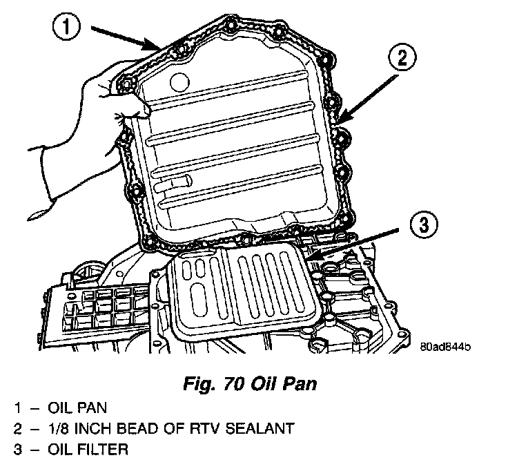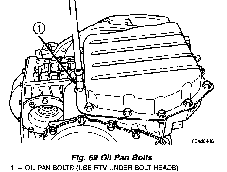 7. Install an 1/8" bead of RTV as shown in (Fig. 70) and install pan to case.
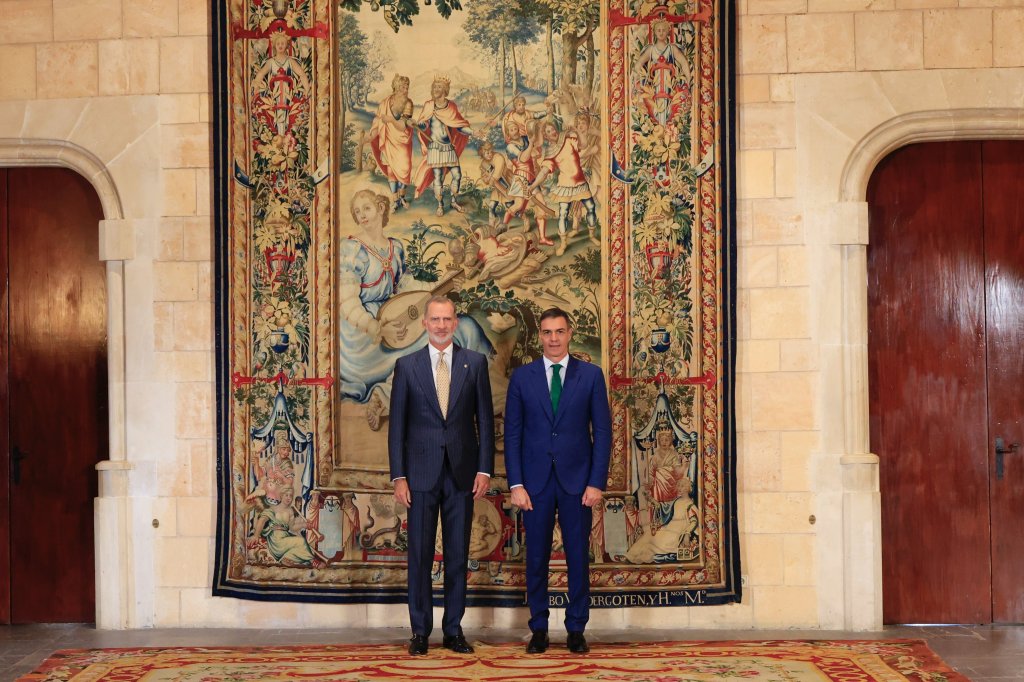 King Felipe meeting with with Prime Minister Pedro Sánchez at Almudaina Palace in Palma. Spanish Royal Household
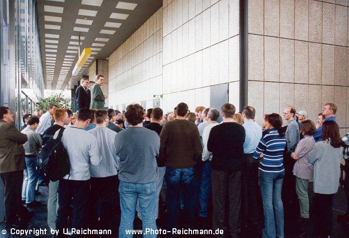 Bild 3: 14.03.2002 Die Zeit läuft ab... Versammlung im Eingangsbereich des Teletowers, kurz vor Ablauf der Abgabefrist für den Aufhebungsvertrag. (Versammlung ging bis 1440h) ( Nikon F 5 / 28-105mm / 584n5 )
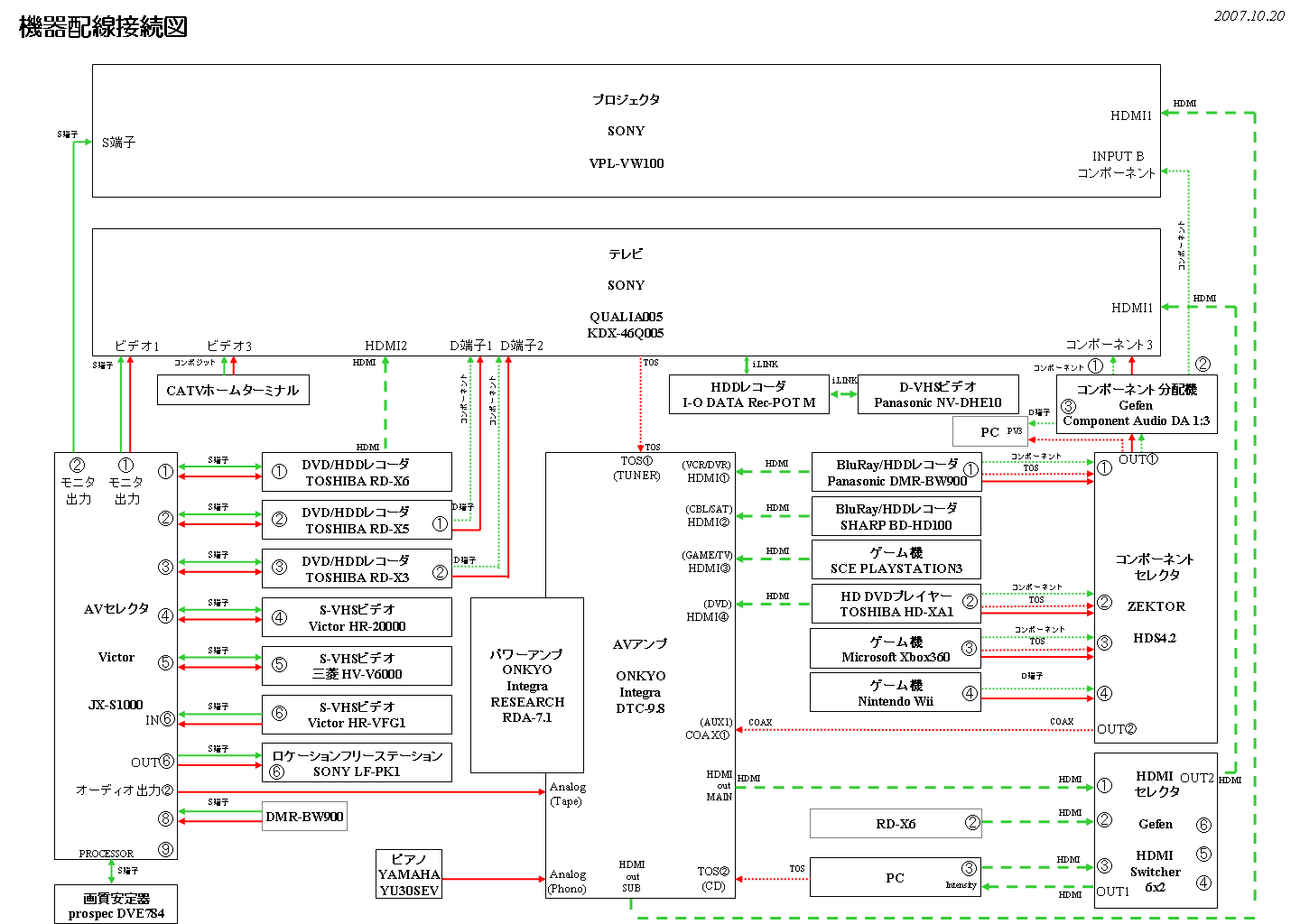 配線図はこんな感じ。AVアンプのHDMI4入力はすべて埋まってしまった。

--

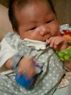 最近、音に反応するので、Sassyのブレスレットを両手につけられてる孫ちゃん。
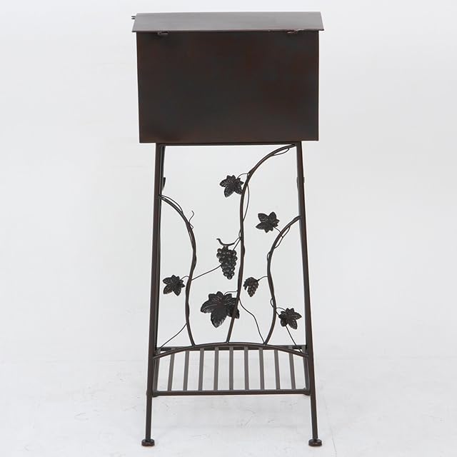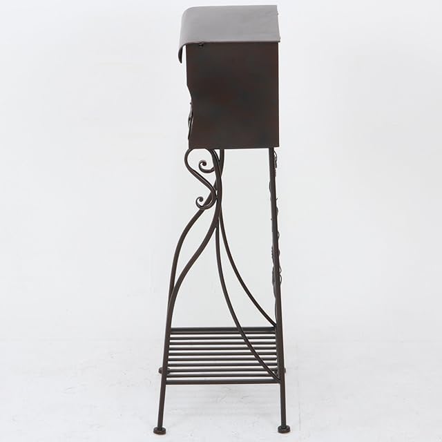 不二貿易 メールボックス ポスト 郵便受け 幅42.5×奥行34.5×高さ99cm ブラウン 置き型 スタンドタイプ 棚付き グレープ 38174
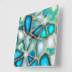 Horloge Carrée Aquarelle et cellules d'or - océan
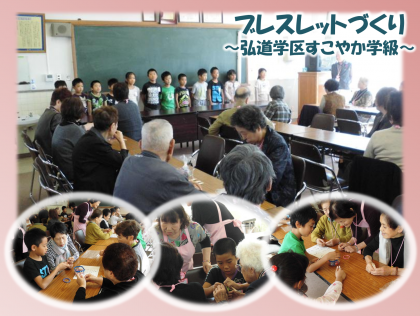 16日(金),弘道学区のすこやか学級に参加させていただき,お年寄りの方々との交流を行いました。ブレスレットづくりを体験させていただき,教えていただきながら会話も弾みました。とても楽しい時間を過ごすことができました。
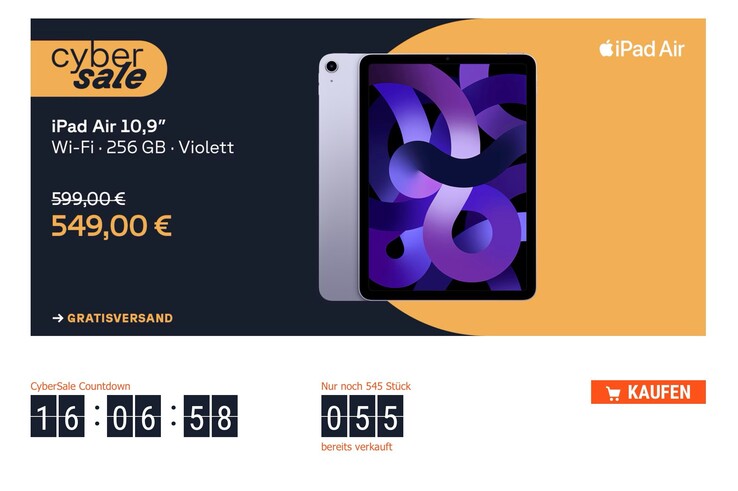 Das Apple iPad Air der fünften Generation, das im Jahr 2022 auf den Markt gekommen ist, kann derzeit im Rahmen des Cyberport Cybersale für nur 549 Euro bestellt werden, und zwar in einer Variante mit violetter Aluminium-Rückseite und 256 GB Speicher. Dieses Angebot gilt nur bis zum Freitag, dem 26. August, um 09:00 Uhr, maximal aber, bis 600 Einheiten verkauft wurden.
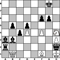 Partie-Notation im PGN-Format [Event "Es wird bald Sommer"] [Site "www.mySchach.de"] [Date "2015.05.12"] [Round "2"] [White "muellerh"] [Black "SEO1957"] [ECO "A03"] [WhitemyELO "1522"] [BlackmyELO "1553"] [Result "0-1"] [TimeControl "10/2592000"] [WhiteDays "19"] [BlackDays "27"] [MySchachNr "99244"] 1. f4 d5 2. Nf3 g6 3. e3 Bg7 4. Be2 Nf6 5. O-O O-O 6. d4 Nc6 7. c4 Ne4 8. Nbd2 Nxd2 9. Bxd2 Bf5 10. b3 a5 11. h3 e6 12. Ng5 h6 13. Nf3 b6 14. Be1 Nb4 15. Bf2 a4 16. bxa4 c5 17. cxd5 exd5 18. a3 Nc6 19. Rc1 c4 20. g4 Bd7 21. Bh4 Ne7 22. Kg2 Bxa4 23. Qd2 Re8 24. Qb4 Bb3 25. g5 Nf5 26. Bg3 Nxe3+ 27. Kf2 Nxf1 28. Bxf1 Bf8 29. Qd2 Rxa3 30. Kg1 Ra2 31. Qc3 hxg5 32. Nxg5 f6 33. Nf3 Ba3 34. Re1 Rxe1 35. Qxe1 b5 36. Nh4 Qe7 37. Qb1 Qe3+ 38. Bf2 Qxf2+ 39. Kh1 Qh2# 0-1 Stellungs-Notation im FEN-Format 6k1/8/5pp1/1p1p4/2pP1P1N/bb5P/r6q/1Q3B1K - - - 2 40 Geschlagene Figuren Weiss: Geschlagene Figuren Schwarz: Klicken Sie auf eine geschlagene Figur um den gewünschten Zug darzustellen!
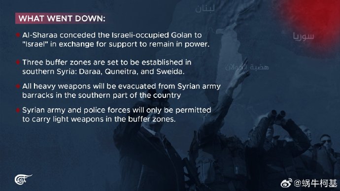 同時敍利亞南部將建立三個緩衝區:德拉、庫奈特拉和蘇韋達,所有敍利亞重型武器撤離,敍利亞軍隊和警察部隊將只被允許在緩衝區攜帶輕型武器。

...

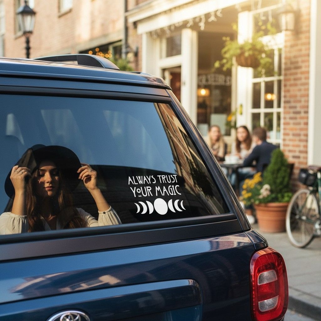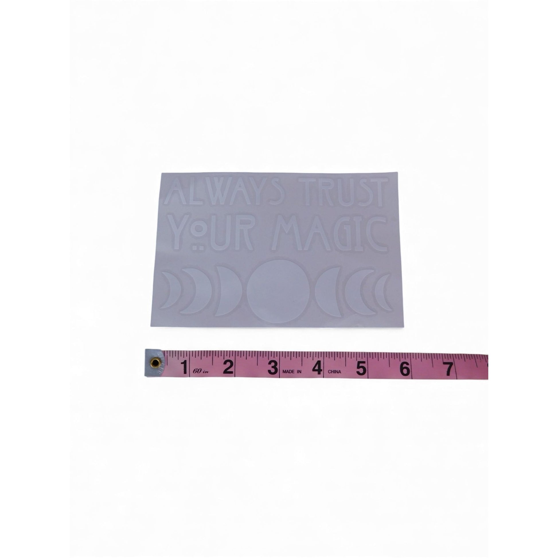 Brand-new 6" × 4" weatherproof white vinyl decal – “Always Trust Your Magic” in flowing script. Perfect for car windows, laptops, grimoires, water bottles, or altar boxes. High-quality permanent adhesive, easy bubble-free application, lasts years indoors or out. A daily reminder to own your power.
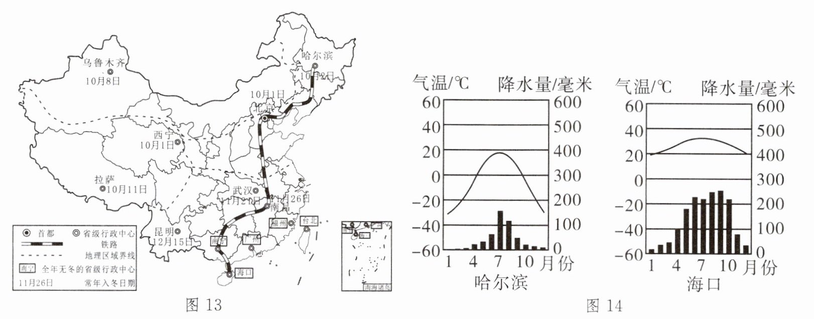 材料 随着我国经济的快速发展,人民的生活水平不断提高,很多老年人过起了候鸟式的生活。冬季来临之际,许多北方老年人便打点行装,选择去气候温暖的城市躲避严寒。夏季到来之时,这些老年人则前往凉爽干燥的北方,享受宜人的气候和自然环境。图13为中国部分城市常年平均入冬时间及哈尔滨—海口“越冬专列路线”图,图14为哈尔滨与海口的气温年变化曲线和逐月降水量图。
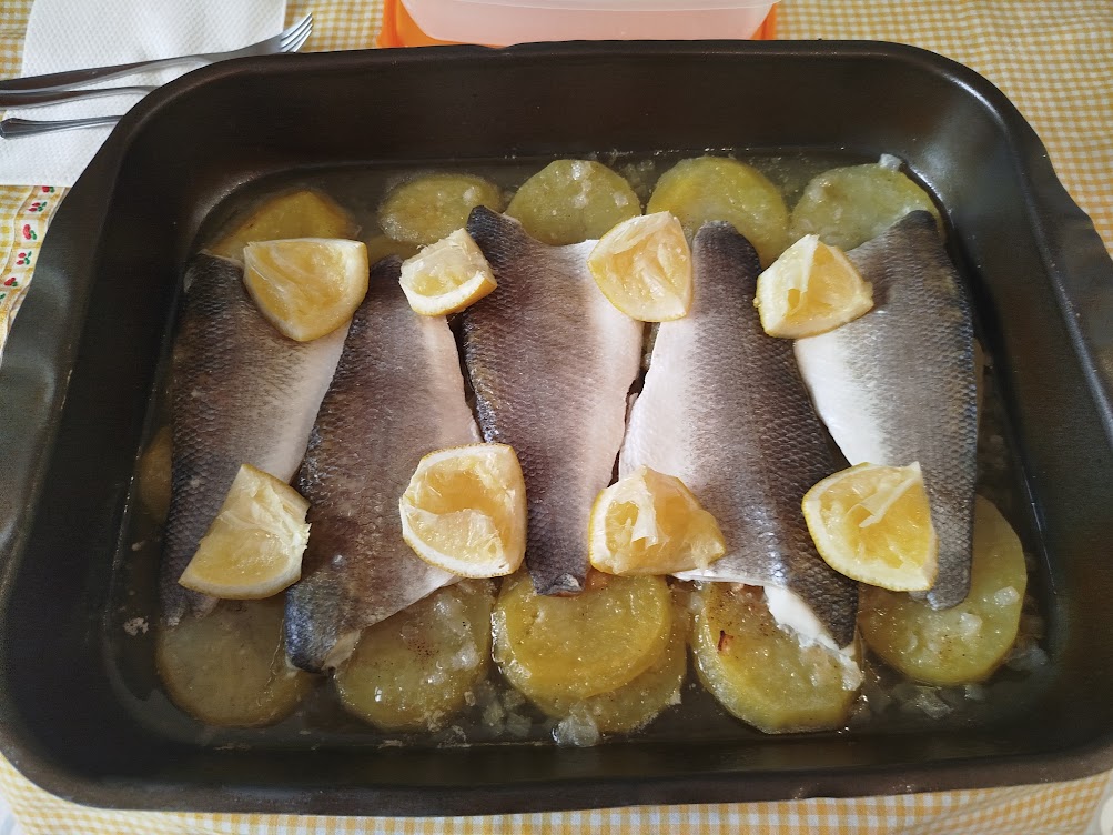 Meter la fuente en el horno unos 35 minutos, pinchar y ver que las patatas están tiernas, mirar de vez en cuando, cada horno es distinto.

■ **ACTIVITY**: Out of the records above, please copy exactly the lines from the line with "own your power." up to and including the line with "Meter la fuente", minus the pictures.

■ **TASK RESULT**:
 Brand-new 6" × 4" weatherproof white vinyl decal – “Always Trust Your Magic” in flowing script. Perfect for car windows, laptops, grimoires, water bottles, or altar boxes. High-quality permanent adhesive, easy bubble-free application, lasts years indoors or out. A daily reminder to own your power.
 材料 随着我国经济的快速发展,人民的生活水平不断提高,很多老年人过起了候鸟式的生活。冬季来临之际,许多北方老年人便打点行装,选择去气候温暖的城市躲避严寒。夏季到来之时,这些老年人则前往凉爽干燥的北方,享受宜人的气候和自然环境。图13为中国部分城市常年平均入冬时间及哈尔滨—海口“越冬专列路线”图,图14为哈尔滨与海口的气温年变化曲线和逐月降水量图。
 Meter la fuente en el horno unos 35 minutos, pinchar y ver que las patatas están tiernas, mirar de vez en cuando, cada horno es distinto.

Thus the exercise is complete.